* Input material *
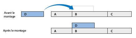 Un montage par remplacement est similaire au montage par écrasement. De tous les types de montages, le montage par remplacement est le seul qui n’utilise pas les points de montages définis dans le visualiseur.
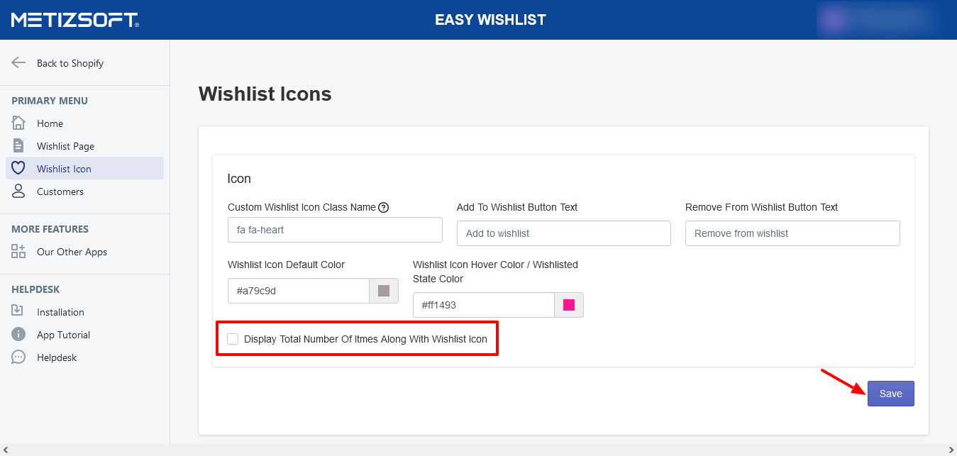 Open the Wishlist App and Go to the Wishlist Icons page Change Wishlist Icon "Default Color" and "Wishlist Icon Hover Color / Wishlisted State Color." Then click on the Save button.
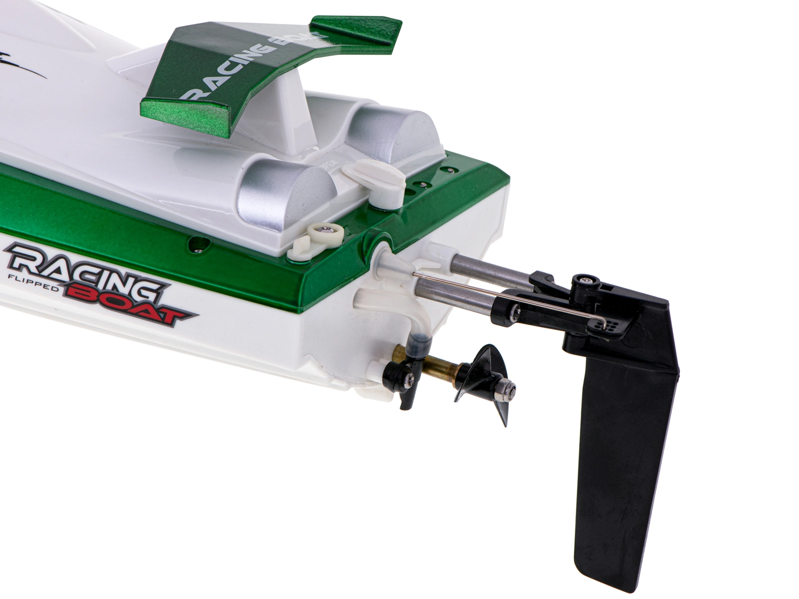 - Set completo – lancha, mando, batería 7.4 V 1500 mAh, cargador, soporte, hélice de repuesto
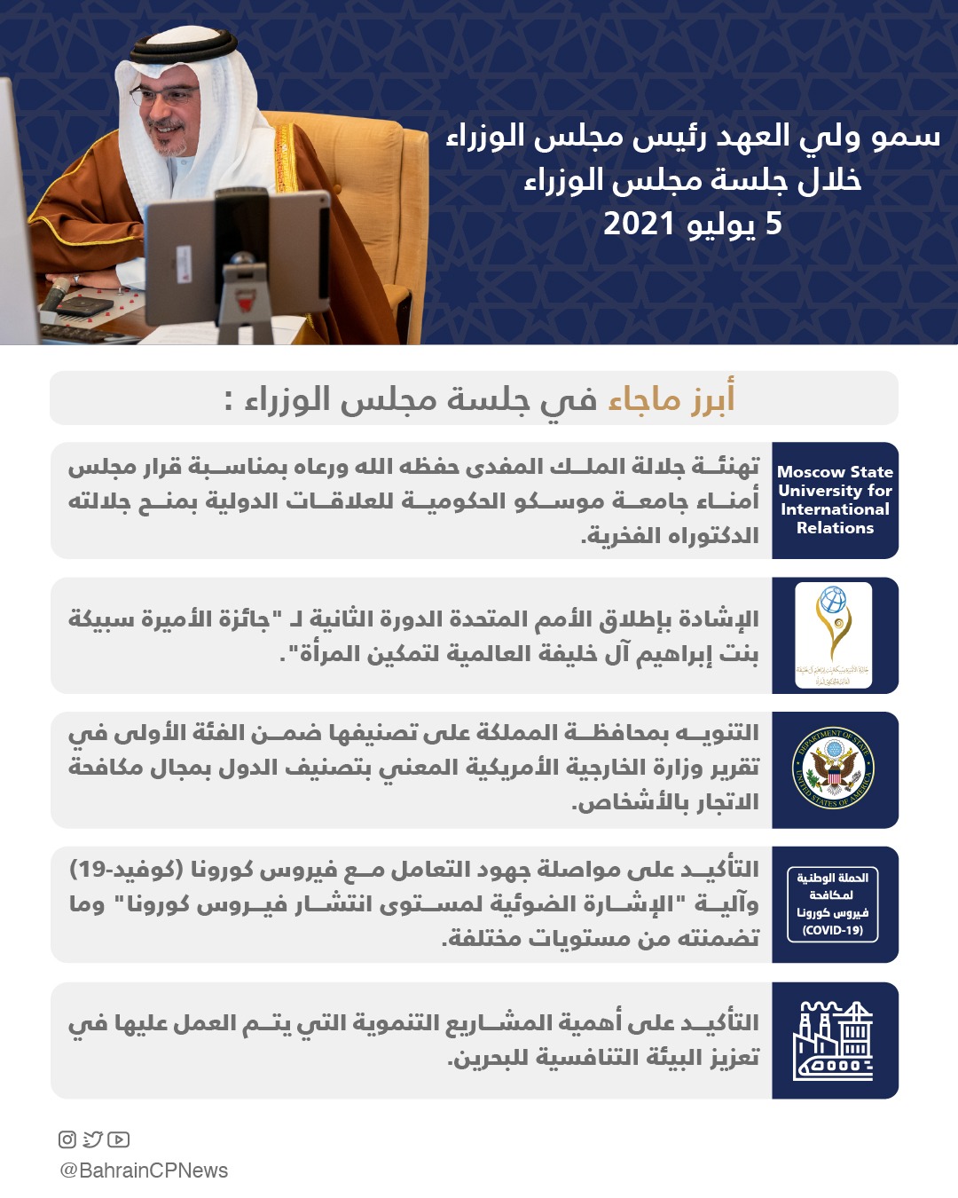 His Royal Highness Prince Salman bin Hamad Al Khalifa, the Crown Prince and Prime Minister, today chaired the weekly Cabinet meeting, held remotely.
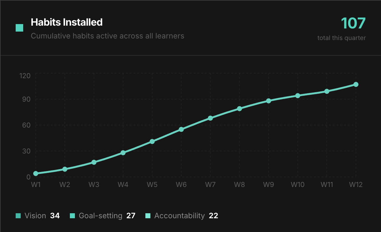 85% of success at the work place is attributed to soft skills and only 15% to technical skills (Stanford, Harvard). With SkillsGym, you're building strong "soft" skills. Basically by using the same principles that make you stronger at the gym; building small evidence-based habits that have exponential impact over time.
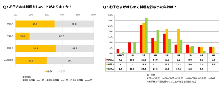 米国、中国、日本の母親を対象に子どもが「料理」をしたことがあるかを尋ねたところ、3カ国平均で39.9%が「料理」をしたことがあると回答した。国別でみると、日本では51.8%、米国では50.0%と半数を超えたのに対し、中国では18.0%という結果が得られた。

* Work order *
Starting at the line containing "Open the Wishlist" and stopping at the line containing "His Royal Highness", output every line above exactly, both ends included, with pictures omitted.

* Answer section *
 Open the Wishlist App and Go to the Wishlist Icons page Change Wishlist Icon "Default Color" and "Wishlist Icon Hover Color / Wishlisted State Color." Then click on the Save button.
 - Set completo – lancha, mando, batería 7.4 V 1500 mAh, cargador, soporte, hélice de repuesto
 His Royal Highness Prince Salman bin Hamad Al Khalifa, the Crown Prince and Prime Minister, today chaired the weekly Cabinet meeting, held remotely.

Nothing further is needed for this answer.